Saturday night on ESPN, after Texas punched its ticket (ugh!) to the NCAA Tournament by defeating Oklahoma State, Texas guard Matt Coleman III, into an ESPN microphone, declared, “This is what I came to school for!” Hmmm.

What does it take to make the NCAA Tournament? It takes whatever it takes. And that’s top seeds through to the lowest.

Let’s look, for example at the roster of a 16th seed, the Hartford Hawks. Its recruits include two players from the Czech Republic, one each from Slovakia, Australia and New Zealand. The roster further includes several transfer players and student-athletes majoring in “Undeclared.”

Such used to be the exception but is now trending the rule.

No. 1-ranked Gonzaga for the past several years has succeeded on the backs of players recruited via Rand McNally. This year’s Zags came to Spokane, Wash., from Mali — a 7-footer — Lithuania, Russia and France.

Not that anyone on CBS or Turner is going to say so in the coming days, but schools represented in the NCAA Tournament have, by applied logic alone, grown further and further from their campuses in terms of legitimate or even intended academic achievement.

The foreign studies departments within many of these schools have a smaller percentage of foreign students than their basketball teams. The colleges continue to serve as false fronts for basketball programs. In other businesses, that’s called racketeering. It’s a felony.

ESPN simply can’t do enough to destroy sports in service to reprobates.

Sunday, during a four-man panel discussion about the NCAA Tournament, a clip appeared of a near pregame brawl erupting at center court of that day’s Alabama-LSU.

For some reason, which went unexplained, this clip was accompanied by the sounds of two of the panelists, off camera, laughing at what was seen. Yeah, a near brawl! Funny! As is the ESPN standard, they found it delightful — or at least felt as if we should.

More of poor Tiger

NBC, over the weekend during the Players, continued to insult its audience by sticking to the story that poor Tiger Woods was the unfortunate victim of a car accident, as if another ugly driving episode was beyond both his control and fault.


Despite this spring training’s happy-faced “new man” media sell, Gary Sanchez still swings for gargantuan home runs with two strikes, and he still strikes out more than a minimally discriminate batter should.
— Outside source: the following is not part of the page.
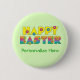 Felz pascoa. Uma Páscoa bonita e alegre saudação em uma nome de etiqueta bonito. A palavra Happy está em um amarelo alegre e alegre, e a palavra Páscoa está em um arco-íris mbre de cor. Ambas são aspergidas com flores. Personalizável, você pode personalizar o texto em nosso modelo fácil de usar. Você pode mudar a cor de fundo se quiser. Quer este ou um design semelhante em outro item? Visite o meu compro.

Saturday, after Ohio State beat Michigan, CBS studio panelist Seth Davis piped, “That was a really fun game to watch.” He must’ve missed the last 1:55, which took nearly 10 minutes to complete, eliminating any chance for an exciting finish.


Chris Russo, SiriusXM travel and entertainment correspondent (Source: #backaftathis.): “By the way, in the fourth season of ‘The Crown,’ it’s all about Charles and Diana. And they make Charles out to be the worst guy in America.”